--- Dataset excerpts ---
========

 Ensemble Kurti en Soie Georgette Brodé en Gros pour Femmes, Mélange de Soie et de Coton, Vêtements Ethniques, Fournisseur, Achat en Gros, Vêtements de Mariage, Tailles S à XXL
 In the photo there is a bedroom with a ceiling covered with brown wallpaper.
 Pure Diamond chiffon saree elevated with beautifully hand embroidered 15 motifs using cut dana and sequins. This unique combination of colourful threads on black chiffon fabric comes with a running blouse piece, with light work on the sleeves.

========

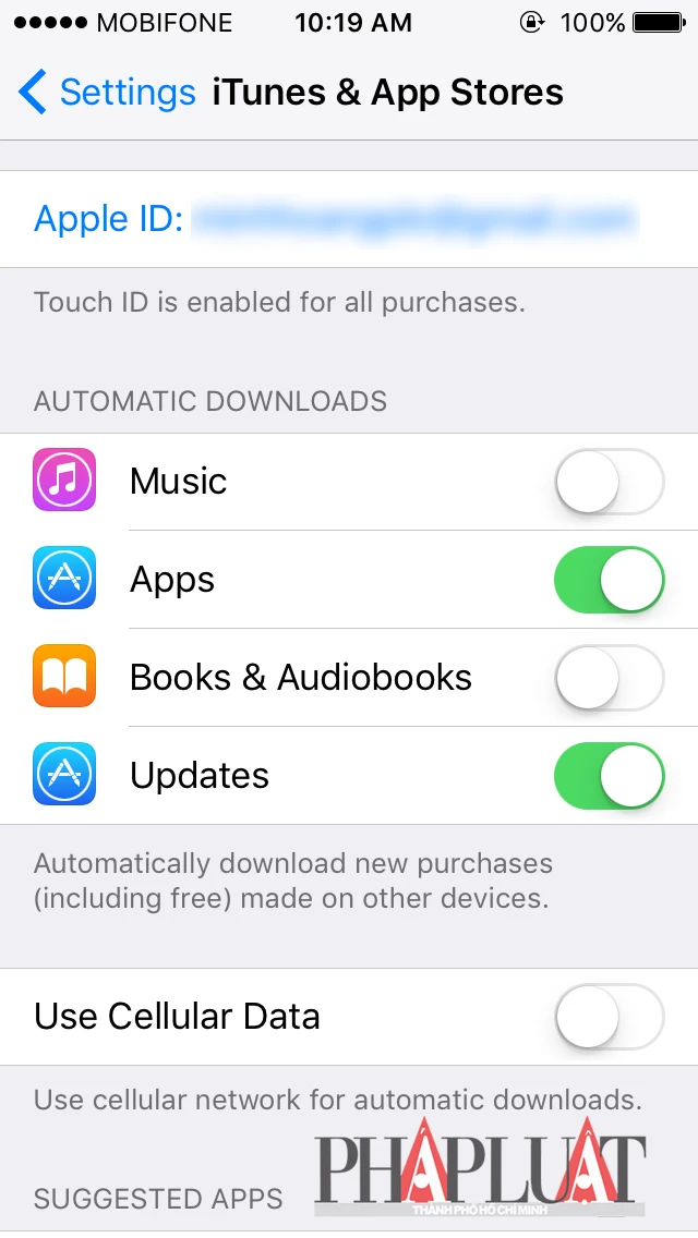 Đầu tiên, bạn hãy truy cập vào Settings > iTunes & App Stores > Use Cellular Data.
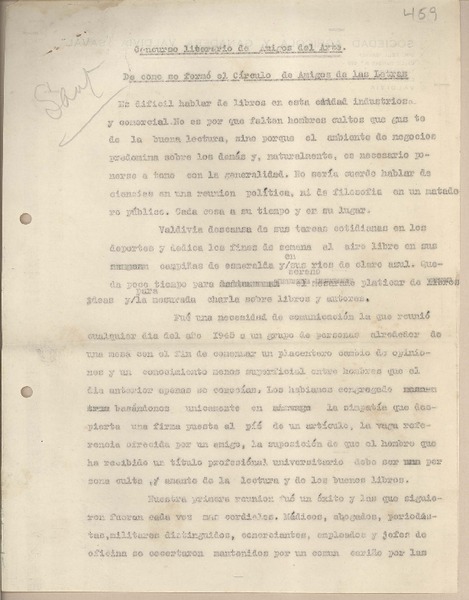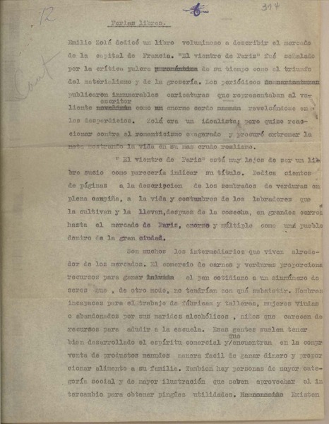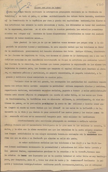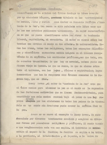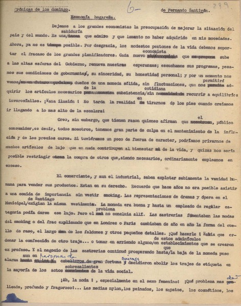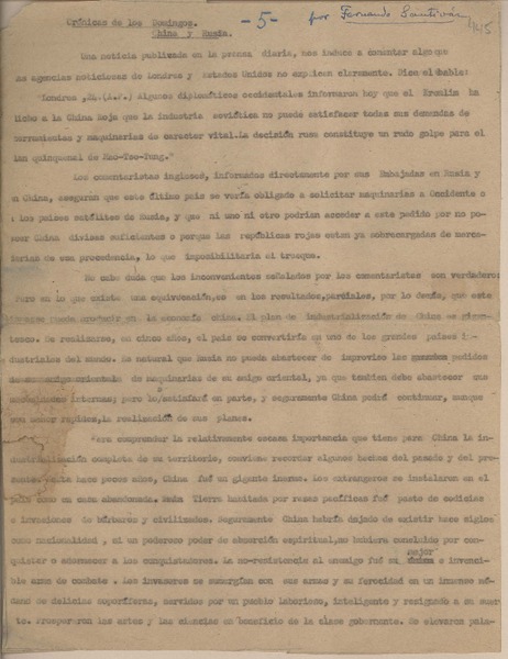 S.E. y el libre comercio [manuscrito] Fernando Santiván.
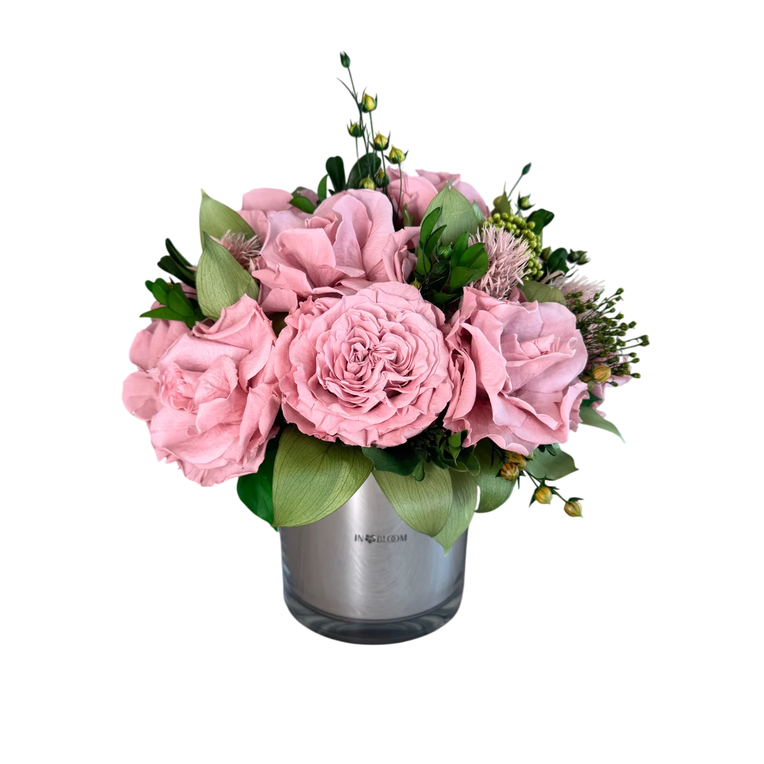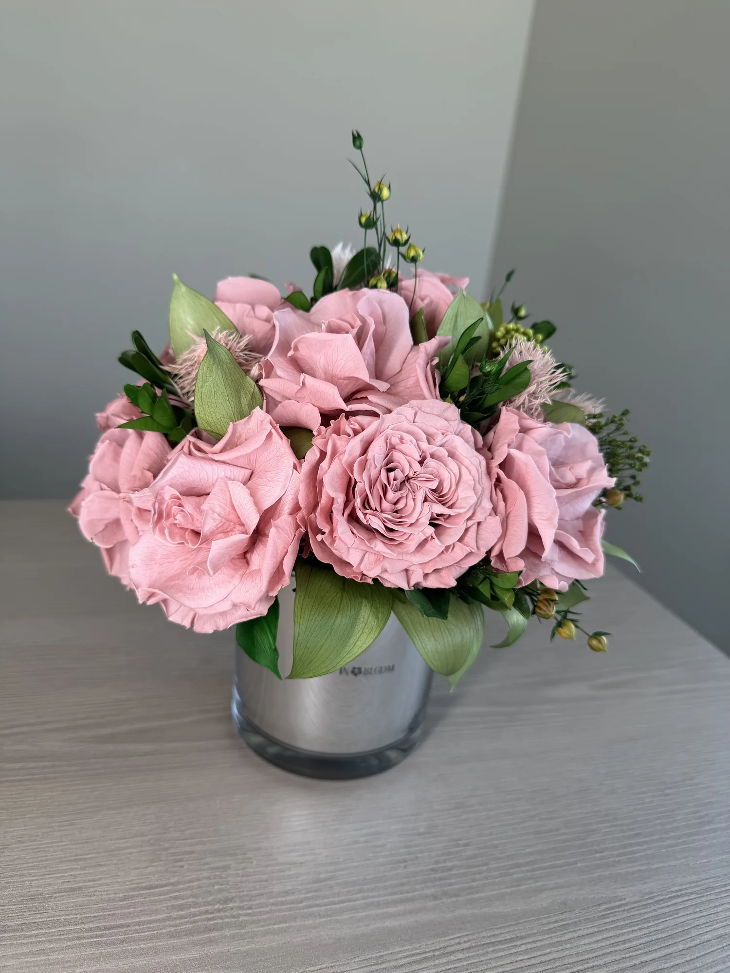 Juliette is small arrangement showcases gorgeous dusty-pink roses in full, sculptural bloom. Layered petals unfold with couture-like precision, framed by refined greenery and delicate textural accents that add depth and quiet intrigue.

========

--- Exercise brief ---
Look above for the line with "S.E. y el libre"; quote it and every line after it, stopping after the line with "Juliette is small", exactly, with nothing added and without pictures.

--- Answer to the problem ---
 S.E. y el libre comercio [manuscrito] Fernando Santiván.
 Juliette is small arrangement showcases gorgeous dusty-pink roses in full, sculptural bloom. Layered petals unfold with couture-like precision, framed by refined greenery and delicate textural accents that add depth and quiet intrigue.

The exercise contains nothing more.